Tras la crisis de 2008, en España se abrió un momento para la esperanza de los partidos de izquierda. En 2011, el Movimiento 15M de los indignados cristalizaría más tarde en el partido Podemos de Pablo Iglesias, Íñigo Errejón, Juan Carlos Monedero y Carolina Bescansa, entre otros. Muchos ciudadanos, sobre todo los más jóvenes, dijeron basta ya al bipartidismo monárquico y liberal PP-PSOE, a la tiranía de los bancos y grandes corporaciones, a los desahucios y a una democracia de baja estofa que casi siempre degenera en grandes bolsas de pobreza. Iglesias logró aglutinar el voto de aquello que se dio en llamar “la izquierda real” y las confluencias regionales. Venía para “asaltar los cielos”, o eso al menos le dijo a las clases populares más castigadas por la recesión. Sin embargo, tras pactar con el PSOE de Pedro Sánchez en las elecciones de 2020 el Gobierno de coalición socialista-podemita ha quedado muy lejos de cumplir con las expectativas de aquellas masas movilizadas que acamparon en la Puerta del Sol y en tantas ciudades españolas para pedir cambios políticos durante el 15M. Es cierto que el mayor empuje socialista al Ejecutivo de coalición lo ha aportado Unidas Podemos y gracias a ello numerosas reformas han salido adelante. Mientras el siempre remolón PSOE echaba el freno de mano a leyes demasiado izquierdistas, los ministros y ministras morados presionaban y tensaban la cuerda en el Ejecutivo para seguir avanzado en derechos sociales y laborales. Pero esta doble alma, esta dualidad, ha sido foco de no pocas fricciones y roces entre los dos socios de la coalición. En lo que va de tumultuosa legislatura, la opinión pública ha podido seguir, en vivo y en directo (a veces al segundo a través de Twitter), las rencillas y disputas entre unos y otros, el cainismo de la izquierda española, un mal que se remonta más allá de los tiempos de la Segunda República.

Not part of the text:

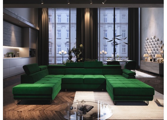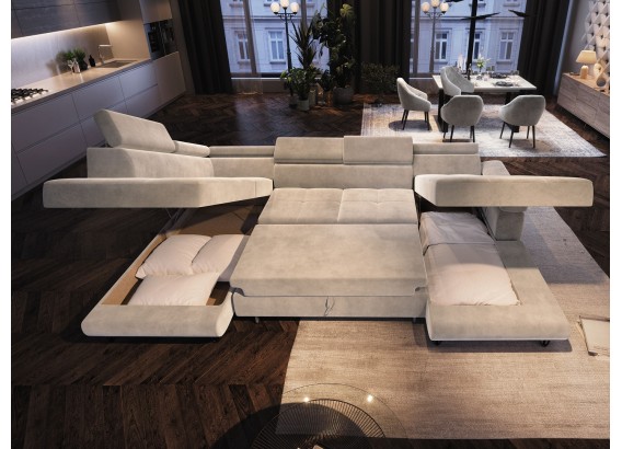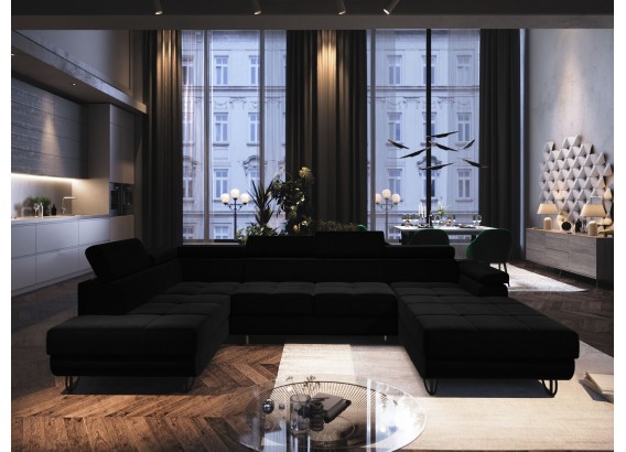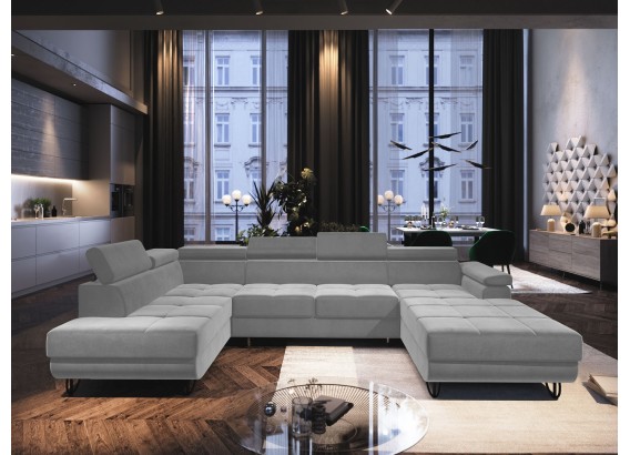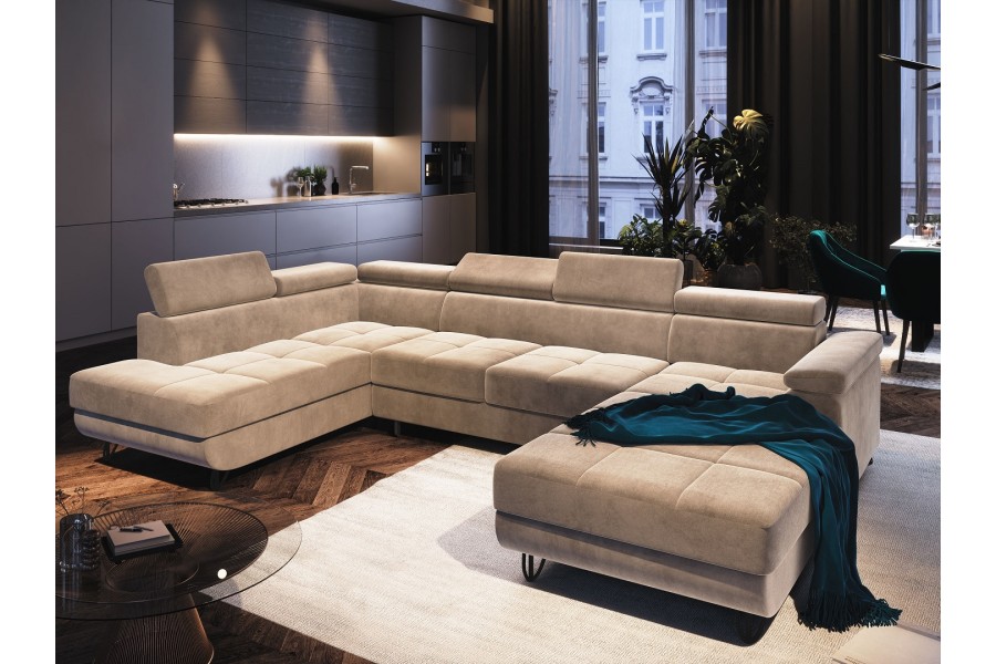 - Nowoczesny wygląd – narożnik w kształcie litery U, świetny do dużych wnętrz

Las luchas fratricidas PSOE/Podemos han terminado por generar desafección y hastío en las bases. Y al final ambos han pagado el desgaste de formar parte de un Gobierno de coalición que no ha satisfecho las expectativas de las clases obreras. Hoy, los podemitas han perdido la frescura de los inicios y las encuestas no les dan buenos resultados de cara a las próximas elecciones generales. Otro proyecto de regeneración de la izquierda que se quema a las primeras de cambio.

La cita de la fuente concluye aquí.